Seanad debates

Thursday, 27 June 2013

Central Bank (Supervision and Enforcement) Bill 2011: Committee Stage

 

11:30 am

Photo of Michael NoonanMichael Noonan (Limerick City, Fine Gael) | Oireachtas source

Amendment No. 16 seeks to require the Central Bank to publish in its annual report a statement of the employment status of persons reporting breaches and a statement of the reforms undertaken by the body in respect of which the report of breaches was made.

It is important that the identity of those reporting breaches is protected to the greatest extent possible. For that reason the Bill includes a protection for the identity of whistleblowers, except where disclosure is necessary for effective investigation or other action arising from the disclosure. On that basis I would not support publication of the employment status of the whistleblower, lest it lead to speculation about or victimisation of the whistleblower or other persons. For example, if the whistleblower were identified as the risk officer, chief financial officer or compliance officer, it might lead to an individual being identified or others with the same title being victimised.

That said I have some sympathy with the core point being made by the Senator about the need for action on foot of disclosures. I made an amendment in the Dáil to respond to this issue when raised by the Opposition. To address the point I have inserted a new section 38(4) requiring the governor to prepare a report for the Central Bank commission on the disclosures and action taken. Given the sensitivity of the issues likely to be involved and the need to avoid identifying whistleblowers or hindering subsequent investigations, I would not be in favour of publication of details in the annual report.
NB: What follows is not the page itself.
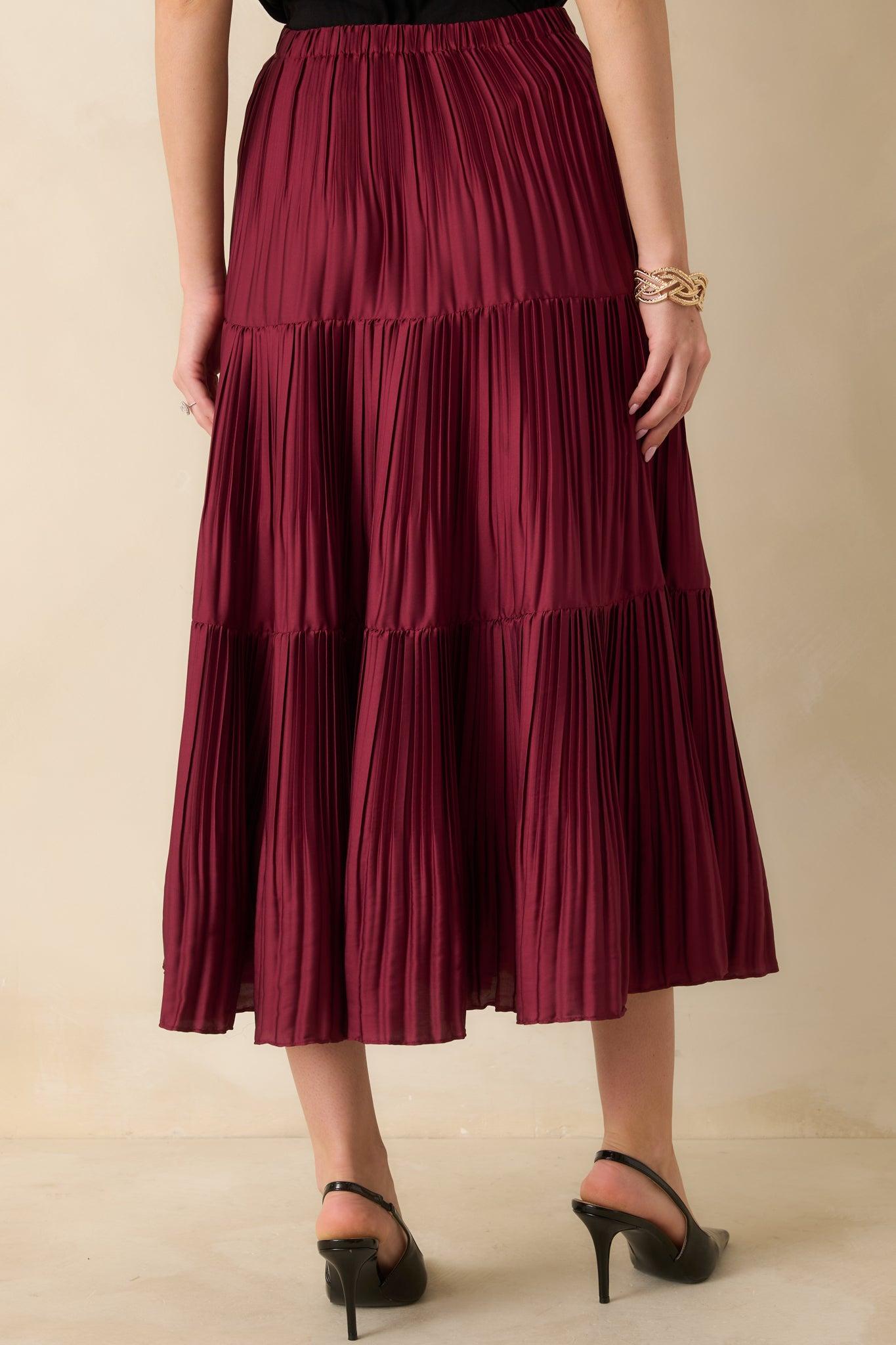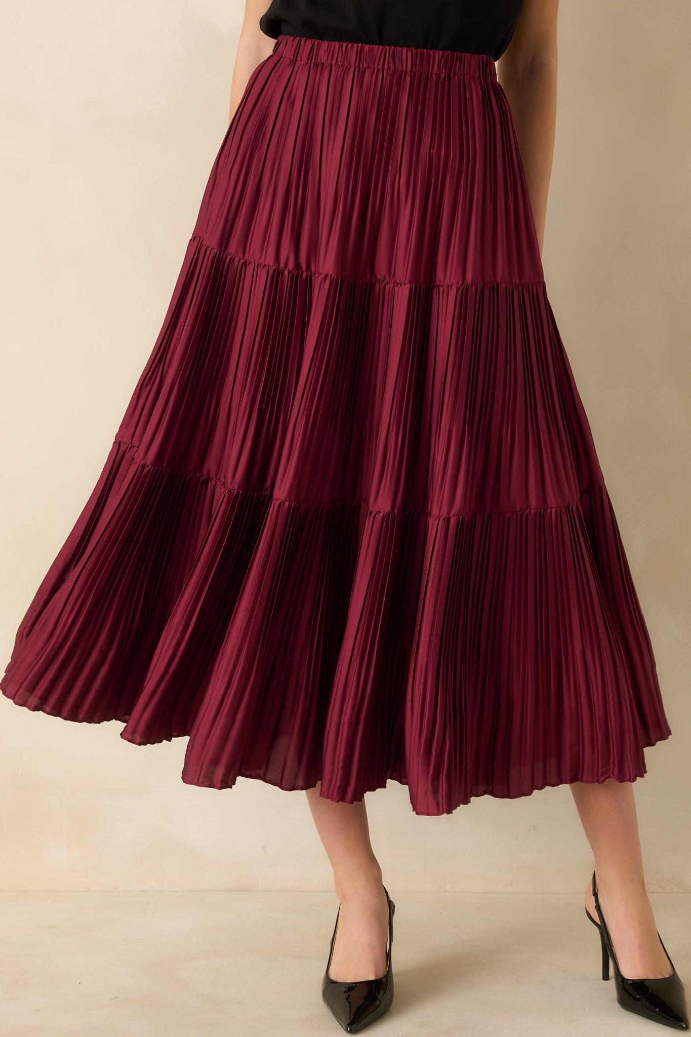 The moment you slip it on, you just know. This Feels Right Burgundy Tiered Pleated Midi Skirt moves with an easy elegance — tiered pleats that sway and float with every step. Rich burgundy gives it that dressed-up-but-still-effortless charm, whether you’re twirling through a holiday party or heading out for a candlelit dinner. Chic, confident, and made for those “I look amazing” moments. This burgundy tiered pleated midi skirt is constructed with lightweight woven fabric, featuring a flowy A-line silhouette and is pull-on style with elastic waistband. 100% Polyester Unlined Gentle Cycle Cold Manufactured in China Designed in The USA Model is 5'8" and Wearing a Size X-Small

Given that this provision is being introduced for the first time in the financial services sector, I expect it is an element of the Act that will need to be reviewed after a time to assess its effectiveness in light of real world experience. However, for the reasons outlined, I do not propose to accept the Senator’s amendment.

If a person has broken the law his or her protection will not apply which I believe addresses Senator Gilroy's point. Section 40 sets out the protections from civil liability for those who make protected disclosures. This is a key section as it allows for whistleblowers' protection to apply beyond the employer-employee relationship, for example in the case of disclosures by customers or auditors. Subsections (1) to (4), inclusive, provide that a person shall not be liable in damages or any other form of relief in respect of making a protected disclosure unless it is known by the person to be false or misleading. This protection is in addition to and not in substitution for any other form of protection to which the person may already be entitled for making a disclosure, whether to an appropriate person or otherwise.

Subsection (5) provides for the protection of the identity of the person making the disclosure, except with his or her consent or where divulging the identity of the person is necessary for an investigation of the matter to which the disclosure relates. Investigation is meant here in its broader sense to include an examination of the matter or any proceedings which may follow. The section specifically lists a number of situations under financial services legislation where such a disclosure may be required, including an administrative sanction inquiry, an appeal before the Irish Financial Services Appeals Tribunal or a fitness and probity hearing.

A person acting in accordance with law has the full protection the Senator requires. However, protection does not extend to somebody who breaks the law.